On December 17, 2024, the Company entered into a steel hedging agreement to reduce its exposure to commodity price swings. The steel hedging instrument had a notional quantity of 3,000 short tons and is effective for the period August 1, 2025 through December 31, 2025, which the Company believes was slightly less than half of its exposure during the effective period. Under the steel hedge agreement, the Company made fixed payments of $819 per short ton for the Steel Hot Rolled Coil (HRC) commodity. The steel hedging instrument is accounted for as a cash flow hedge. The steel hedging instrument's positive fair value at December 31, 2025 was $50, which is included in Prepaid and other current assets on the Consolidated Balance Sheet. The steel hedging instrument's negative fair value at December 31, 2024 was $54, which is included in Accrued expenses and other current liabilities on the Consolidated Balance Sheet.

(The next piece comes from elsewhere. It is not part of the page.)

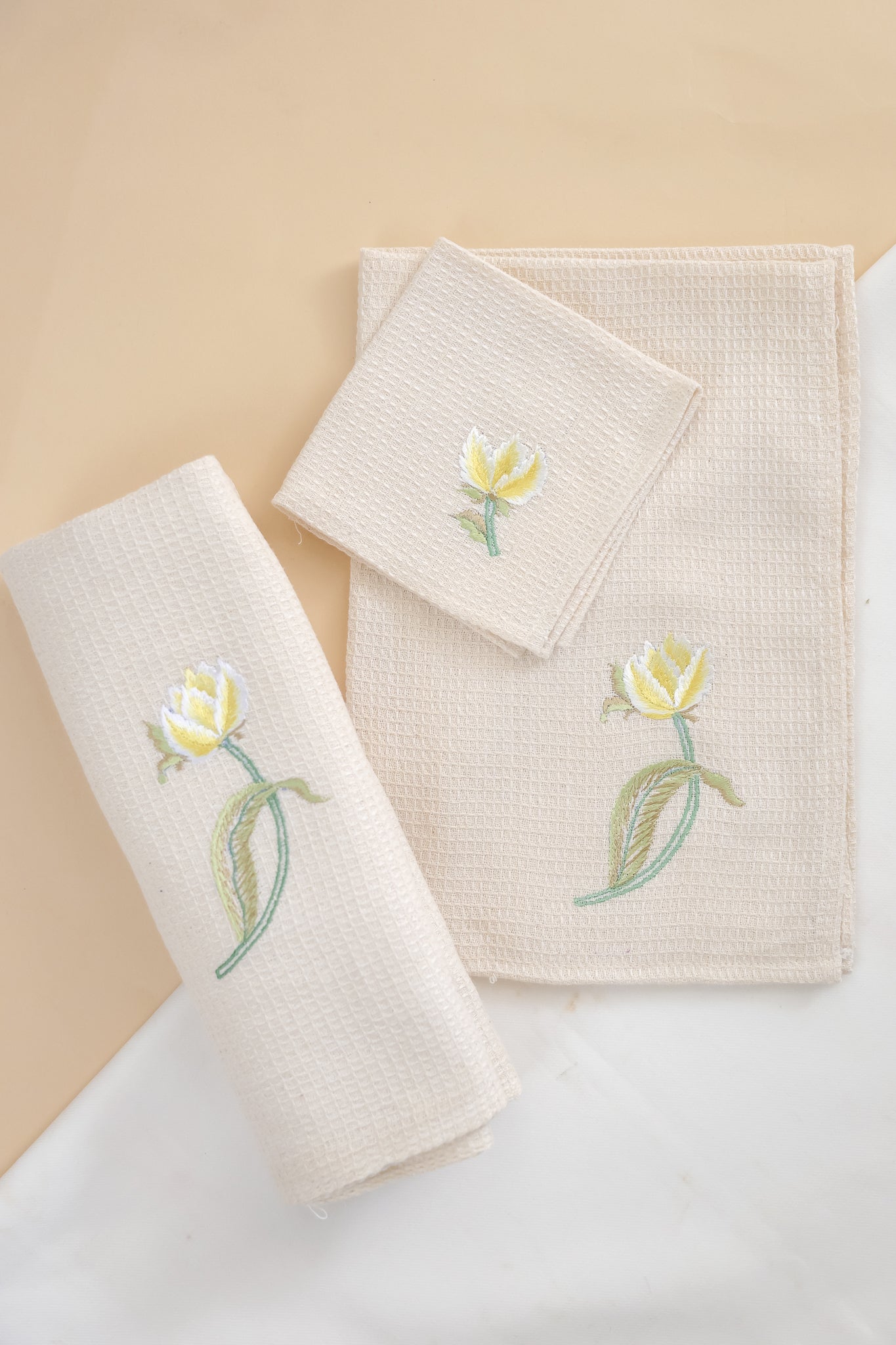 Wrap yourself in luxury and sustainability with our embroidered bath linen collection, crafted from the finest organic cotton. Each piece, embroidered in beautiful floral patterns, is a testament to both style and eco-consciousness.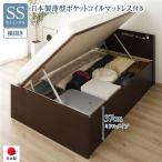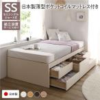 〔組立設置サービス付き〕 収納 ベッド ヘッドレス ショート丈 セミシングル 日本製薄型ポケットコイルマットレス付き 収納付き すのこ 日本製 送料無料

The Company receives on consignment, truck chassis on which it performs upfitting service installations under “bailment pool” arrangements with major truck manufacturers. The Company never receives title to the truck chassis. The aggregate value of all bailment pool chassis on hand as of December 31, 2025 and 2024 was $16,701 and $17,489, respectively. The Company is responsible to the manufacturer for interest on chassis held for upfitting. Interest rates vary depending on the number of days in the bailment pool. As of December 31, 2025, rates were based on prime (6.75% at December 31, 2025) plus a margin ranging from 0% to 8%. During 2025, the Company incurred $1,021 in interest on the bailment pool arrangement. During 2024, the Company incurred $630 in interest on the bailment pool arrangement.
The Company has a floor plan line of credit for up to $5,000 with a financial institution. The current terms of the line of credit are contained in a credit agreement dated July 15, 2016 and expired on July 31, 2017, which the Company renewed through February 28, 2026. Under the floor plan agreement, the Company receives truck chassis and title on upfitting service installations. Upon upfit completion, the title transfers from the Company to the dealer customer. The note bears interest at an adjusted SOFR rate, plus an applicable rate of 1.75%. On January 20, 2025, the Company entered into a floor plan line of credit for up to $20,000 with a financial institution that expires on January 31, 2026. Under the floor plan agreement, the Company receives truck chassis and title for upfitting service installations. Upon upfit completion, the title transfers from the Company to the customer. The note bears interest at prime, less 0.50%. The obligation under the floor plan agreements as of December 31, 2025 and 2024 is $4,184 and $2,612, respectively. During 2025, the Company incurred $2,050 in interest on the floor plan arrangements. During 2024, the Company incurred $1,011 in interest on the floor plan arrangements.